A small object loops a vertical loop of radius $R$ in which a symmetrical section of $2\alpha$ has been removed. Find the maximum and minimum heights from which the object after loosing contact with the loop at point $A$ and flying through the air, will reach point $B$. Then the possible values of H are 

Let $v_0$ be the speed of the object at point $A$. Between $A$ and $B$ path of the object is a parabola, where

$AB=$range

or $2R \sin \alpha =\frac{2 v_0^2 \sin \alpha \cos \alpha }{g}$

So, $v_0^2=\frac{gR}{\cos \alpha } ...\left(1\right)$

Applying conservation of mechanical energy at $P$ and $A$ we get

$mgH=mgR\left(1+\cos \alpha \right)+\frac{1}{2} m{v}_0^2$

or $\frac{H}{R}=1+\cos \alpha +\frac{v_0^2}{2gR}$

but $\frac{v_0^2}{gR}=\frac{1}{\cos \alpha }$        (from equation $\left(1\right)$)

$\therefore \frac{H}{R}=1+\cos \alpha +\frac{1}{2 \cos \alpha }=k$ (say)

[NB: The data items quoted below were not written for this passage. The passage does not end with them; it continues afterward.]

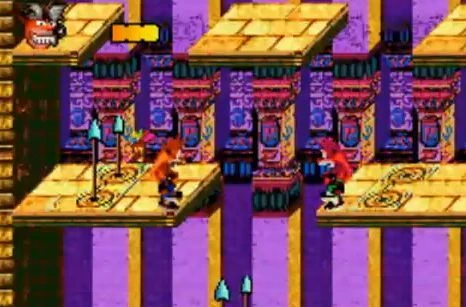 Cette zone égyptienne a des lances piquantes jaillissant du sol, comme dans les niveaux du décor. Crash doit faire en sorte que son double les touche au moment où elles sortent d'un seul côté et répéter le processus trois fois sur des étages différents pour lui redonner ses esprits.
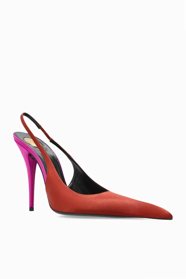 Buty na obcasie ‘Deroche’ to urzekająca propozycja stworzona przez maison Saint Laurent, symbolizująca ponadczasową elegancję i wyrafinowany francuski styl. Smukły, kobiecy fason klasycznych szpilek typu slingback harmonizuje z wyraźnie wydłużonym, szpiczastym noskiem oraz subtelnym, cienkim paskiem podtrzymującym piętę – detale te budują sylwetkę o nieprzeciętnej delikatności.
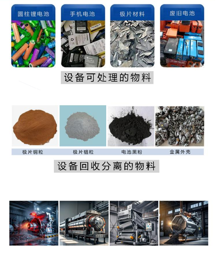 废锂电池极片回收处理设备是针对锂电池回收过程中的关键环节——正负极片材料分离与回收而设计的专业化设备。随着新能源汽车和储能行业的快速发展,锂电池报废量激增,高效环保的极片回收技术成为资源循环利用的核心。
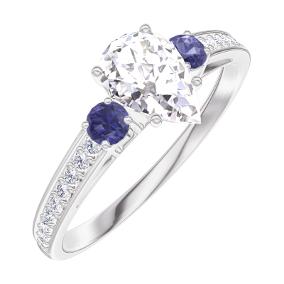 « L'ATELIER » NO. 182868Ring White gold 9 carats - Laboratory Diamond Pear 0.5 Carats - Ring settings Blue Sapphire - Setting Laboratory Diamond
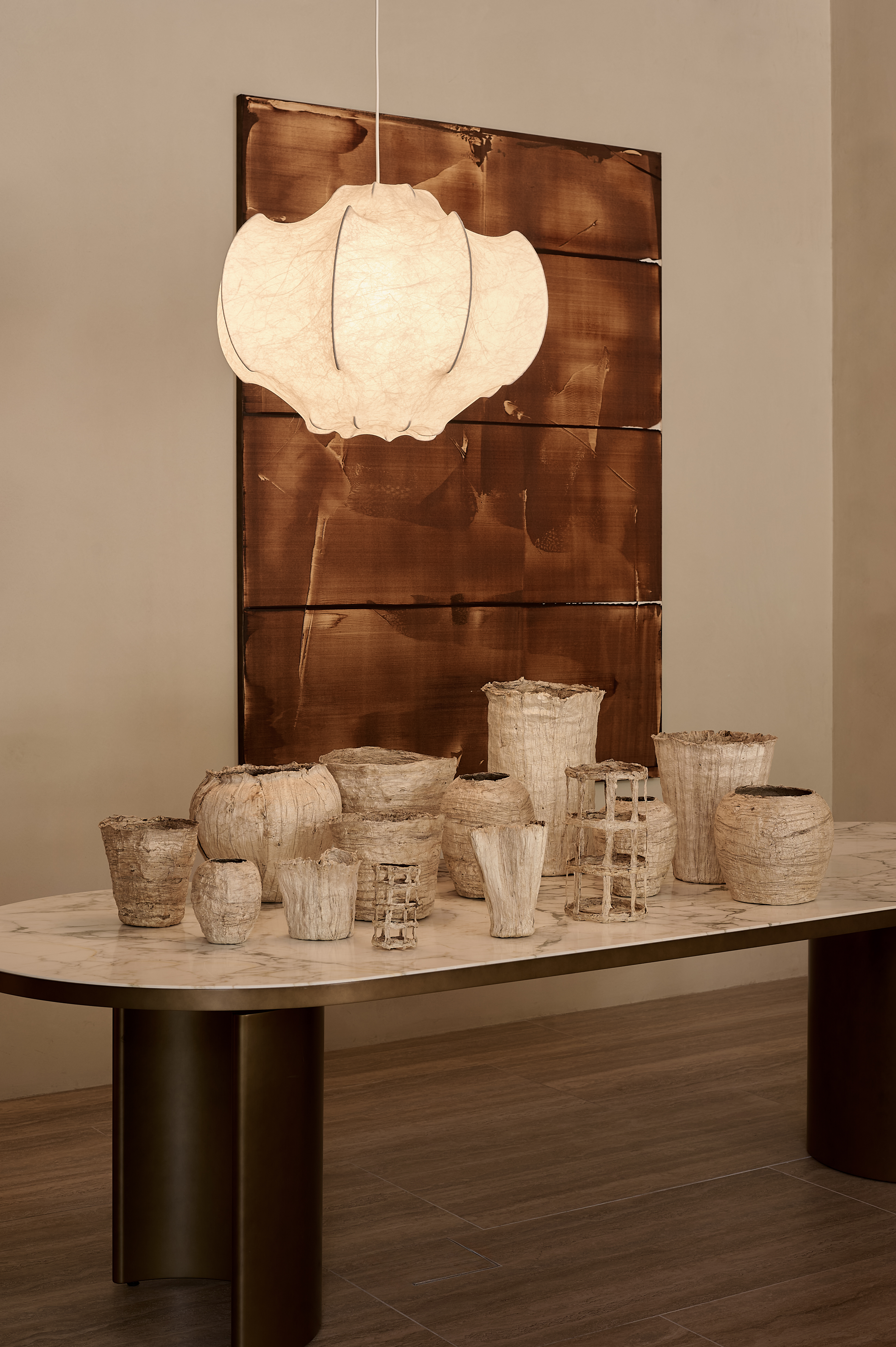 Sustained by Molteni’s constant support for talent in every shape and form, which in itself also shapes and forms what we perceive as the future of Design, Gabriel Tan brought forward his keen eye for scenography by curating an installation of washi lamps designed by his Studio, made in collaboration with Nao Washi, and showcased poetically alongside washi sculptures by Gen Taniguchi.
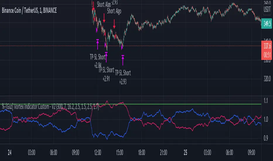 Added the underlay plotting of the indicator for it to be visible under the chart, 2 vortex lines + threshold line.The Long and Short opening correspond to the blue line and the red line crossing over the threshold respectively.
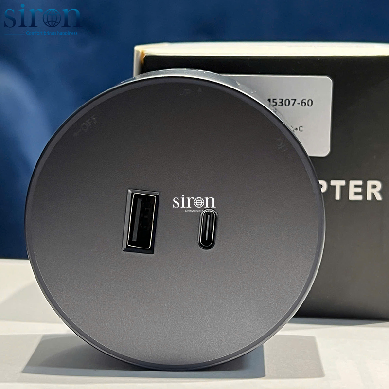 Ổ cắm Track socket USB Type A+C tròn màu ghi Siron TM5307-60
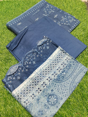 • 3 Piece Suit (Embroidered Shirt + Trouser + Dupatta)
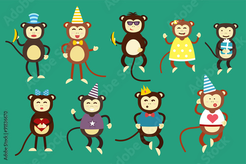 Happy cartoon vector monkey dancing party birthday background

or $2 {\cos }^2 \alpha -2(k-1) \cos \alpha +1=0$

or ${\cos }^2 \alpha -(k-1) \cos \alpha +\frac{1}{2}=0$

or $\cos \alpha =\frac{1}{2}\left(k-1\pm \sqrt{{\left(k-1\right)}^2-2}\right)$

now ${\left(k-1\right)}^2-2\ge 0$ or $k-1\ge \sqrt{2}$

or $k\ge (1+\sqrt{2}) .....\left(2\right)$

On the other hand,

$\cos \alpha \le 1$

i.e., $\frac{1}{2}\left[(k-1)+\sqrt{{(k-1)}^2-2}\right]\le 1$

or $\left(k-1\right)+\sqrt{{\left(k-1\right)}^2-2} \le 2$

or $\sqrt{{(k-1)}^2-2}\le {\left[2-(k-1)\right]}^2$

or $4k \le 10$

or $k\le 2.5 ...\left(3\right)$

Hence from $\left(2\right)$ and $\left(3\right)$ we have

$1+\sqrt{2} \le k\le 2.5$

or $\left(1+\sqrt{2}\right)R \le H\le 2.5 R \left(as k=\frac{H}{R}\right)$

or $2.414 R\le H\le 2.5 R$